We performed an integrated analyses of RNA-seq and 4D-DIA proteomics data of 82 pan-cancer BrMs and matched primary tumors to identify molecular features specific to BrMs. The pathway enrichment analysis revealed an enrichment of multiple metabolism-related pathways, such as OXPHOS and TCA cycle, indicating there was a substantial metabolic reprogramming in BrMs compared to primary tumors (Fig. 4d). Further analysis revealed distinct metabolic profiles between BrMS subtypes and their matched primary tumors at both the RNA and protein levels. (Supplementary Fig. 6a). While OXPHOS was consistently enriched across all subtypes, BrMS3 demonstrated the most significant upregulation of citric acid cycle, steroid biosynthesis, and cholesterol biosynthesis pathways, suggestive of a unique metabolic reprogramming in this subtype. To validate these findings, we analyzed targeted metabolomics data which focused on energy metabolism, derived from 12 patient-matched pairs of primary lung cancers and BrMs, which revealed enhanced OXPHOS in BrMs compared to primary tumors7. The differential metabolite analysis revealed an upregulation of key metabolic intermediates in BrMs (Fig. 4e, Supplementary Data 16), including glycolysis pathway metabolites such as glyceraldehyde-3-phosphate, dihydroxyacetone phosphate, and fructose-1,6-bisphosphate, and TCA cycle-related metabolites such as succinyl-CoA and acetyl-CoA. Additionally, the analysis revealed that multiple amino acids were significantly less abundant in BrMs. The pathway enrichment analysis further confirmed that glycolysis/gluconeogenesis and pentose phosphate pathway were among the most significantly enriched metabolic pathways, while lipoic acid metabolism pathways were most significantly increased (Fig. 4f).
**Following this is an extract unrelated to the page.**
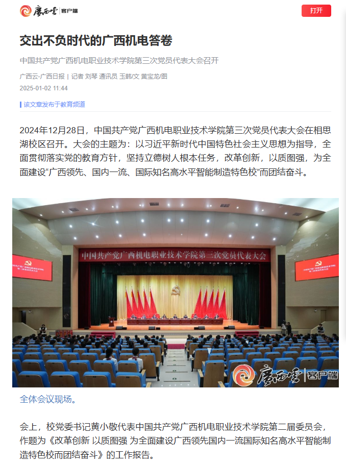 编者按:1月2日,广西云-广西日报以《交出不负时代的广西机电答卷 中国共产党awc77万象城官网第三次党员代表大会召开》为题刊发文章,报道了万象城官网在2024年12月28日召开的第三次党员代表大会。

Our previous study reported that targeting mitochondrial metabolism via gamitrinib showed promising efficacy in treatment of preclinical models of lung cancer BrMs7. To identify a subset of pan-cancer BrMs that would potentially benefit from gamitrinib, we employed a computational approach, VIPER-OncoTreat58,59. We first calculated the master regulators (MRs) in BrMs compared to primary tumors. Secondly, the inverting effects of gamitrinib on top 30 activated MRs and 30 inactivated MRs was estimated by 1-tailed analytic-rank based enrichment analysis (aREA) algorithm. Pan-cancer BrMs were predicted to be sensitive if normalized enrichment score (NES) < 0 and Bonferroni padj < 10−5. The predictions were further validated using PDO drug screening (Fig. 4g). BrM-PDOs with IC50 < 2 µM were considered to be sensitive to gamitrinib (Supplementary Fig. 6b). For example, gamitrinib showed a high efficacy in one BrM-PDO (B282T), which resulted in reversed MR states (NES = −5.97, P < 0.0001). Low IC50 value (0.44 µM) was confirmed in PDO validation experiment (Fig. 4h, i). In contrast, organoids derived from one BrM-PDO (B337T) showed resistance to gamitrinib, with forward MR states (NES = 3.54; P < 0.0001). This phenotype of drug resistance was consistent with its high IC50 value (6.03 µM) (Fig. 4j, k). Finally, we performed sensitivity testing of gamitrinib in a total of 30 BrM-PDOs. Notably, the model achieved an accuracy of 0.8, with a sensitivity of 0.8696 and specificity of 0.5714 (Supplementary Fig 6c, Supplementary Data 17).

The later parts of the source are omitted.